All classification metrics follow a unified API. The average parameter explicitly controls Reporting Differences (RD) such as micro, macro, or weighted aggregation.

# 📈 Regression Example

```python
from allmetrics.regression import mean_absolute_error

y_true = [3.2, 2.8, 4.1, 5.0]

y_pred = [2.9, 3.0, 3.8, 5.3]

mae = mean_absolute_error(
    y_true,
    y_pred,
    check_outliers=True,
    check_distribution=True
)

print("MAE:", mae)
```

Key point:

Built-in validation can automatically detect issues such as abnormal distributions, outliers, or invalid numeric values before computing the metric.

# 🧠 Segmentation Example (2D/3D)

```python
import numpy as np

from allmetrics.segmentation import dice_score

# Example 2D masks
y_true = np.array([[1, 1, 0], [0, 1, 0]])

y_pred = np.array([[1, 0, 0], [0, 1, 1]])

dice = dice_score(
    y_true,
    y_pred,
    mode="binary",         # multi-class also supported
    ignore_background=True,
    check_empty_masks=True
)

print("Dice Score:", dice)
```

Key point:

AllMetrics supports 2D and 3D segmentation evaluation, including metrics such as Dice, IoU, Hausdorff Distance, and ASSD, which are widely used in medical imaging.

# 📚 Supported Metrics
AllMetrics includes 50+ standardized evaluation metrics covering multiple machine learning tasks. The implementations follow consistent definitions and transparent evaluation assumptions.

## 📈 Regression

* mean_absolute_error

* mean_squared_error

* mean_bias_deviation

* r_squared

* r_squared(adjusted)

* mean_absolute_percentage_error

* symmetric_mean_absolute_percentage_error

* huber_loss

* relative_squared_error

* mean_squared_log_error

* log_cosh_loss

* explained_variance

* median_absolute_error

* max_error

* mean_tweedie_deviance

* mean_pinball_loss

## 📊 Classification

* accuracy_score

* precision_score

* recall_score

* balanced_accuracy

* matthews_correlation_coefficient

* cohens_kappa

* f1_score

* confusion_matrix

* fbeta_score

* jaccard_score

* log_loss

* hamming_loss

* top_k_accuracy

## 🌀 Clustering

* adjusted_rand_index

* normalized_mutual_info_score

* silhouette_score

* calinski_harabasz_index

* homogeneity_score

* completeness_score

* davies_bouldin_index

* mutual_information

* v_measure_score

* rand_score

* adjusted_mutual_info_score

* fowlkes_mallows_score

## 🧠 Segmentation (2D/3D)

* dice_score

* iou_score

* sensitivity

* specificity

* precision

* hausdorff_distance

## 🖼️ Image-to-Image Translation

* ssim

* psnr

## 🧩 Library Design Principles

AllMetrics is designed around a set of principles aimed at ensuring reproducibility, transparency, and consistency in machine learning metric evaluation.

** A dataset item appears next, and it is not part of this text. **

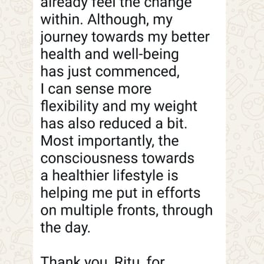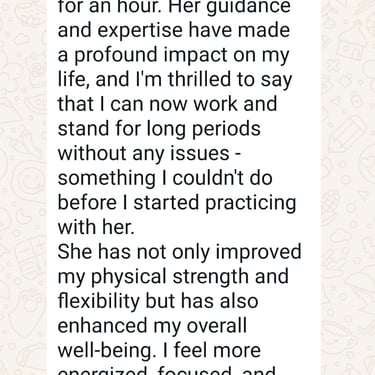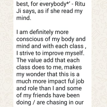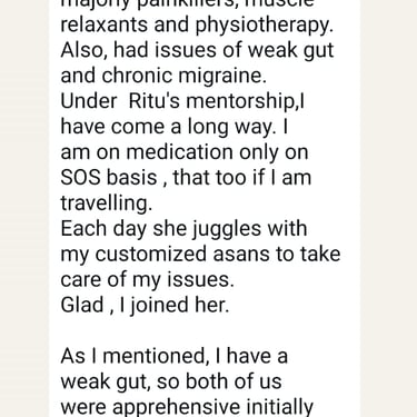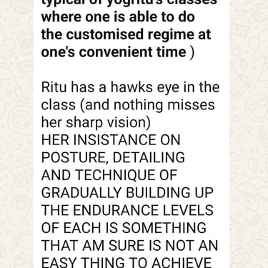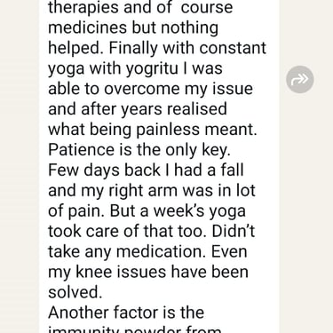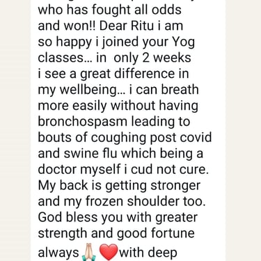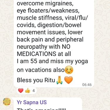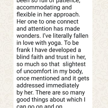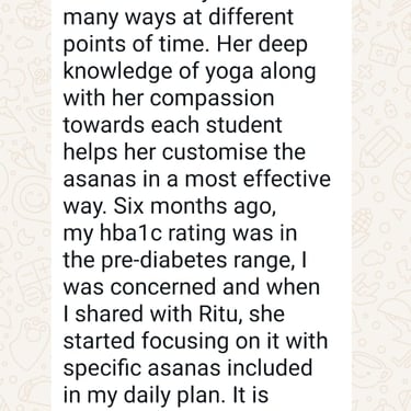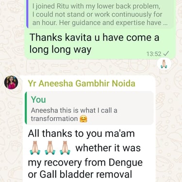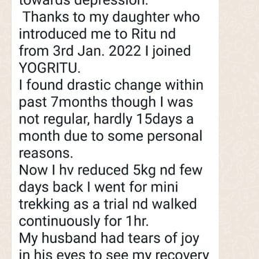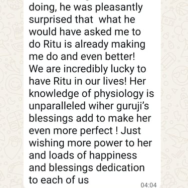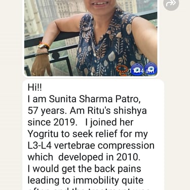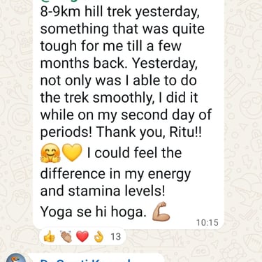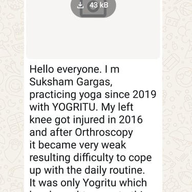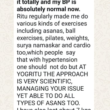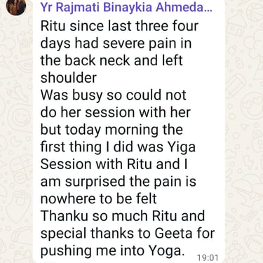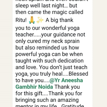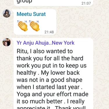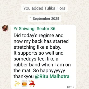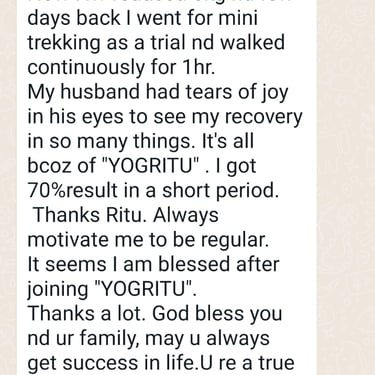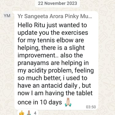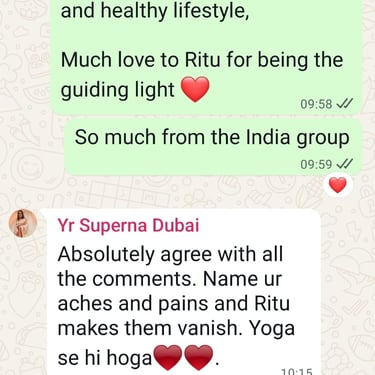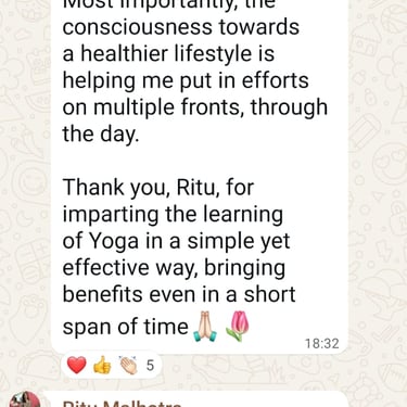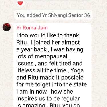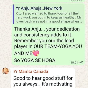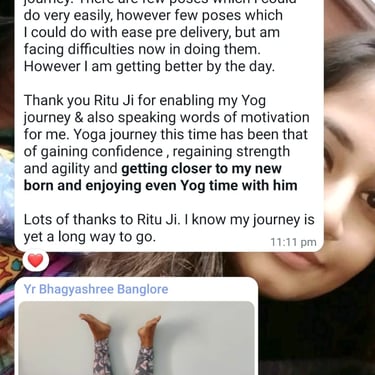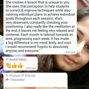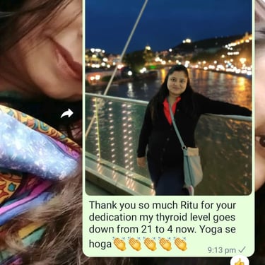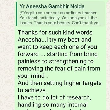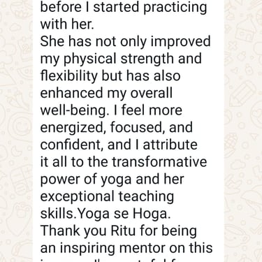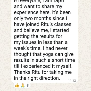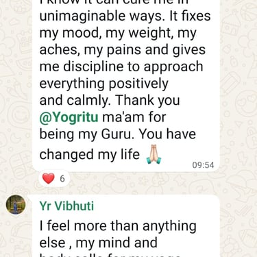 Yogritu is a personalised yoga journey that blends traditional wisdom with modern wellness. Guided by Ritu Ma’am, each session supports physical healing, mental clarity, and emotional balance — making yoga truly transformative for every individual.

1. Standardized Metric Implementations All metrics are implemented using consistent mathematical definitions and verified mplementations. This minimizes Implementation Differences (ID) that often arise across different libraries.

2. Explicit ID/RD Control A core design concept of AllMetrics is the explicit distinction between:

    - **Implementation Differences (ID)**

    - **Reporting Differences (RD)**

Examples include:

* averaging strategies in classification

* handling of missing classes

* background handling in segmentation

* surface distance computation methods Making these assumptions explicit improves reproducibility and transparency in reported results.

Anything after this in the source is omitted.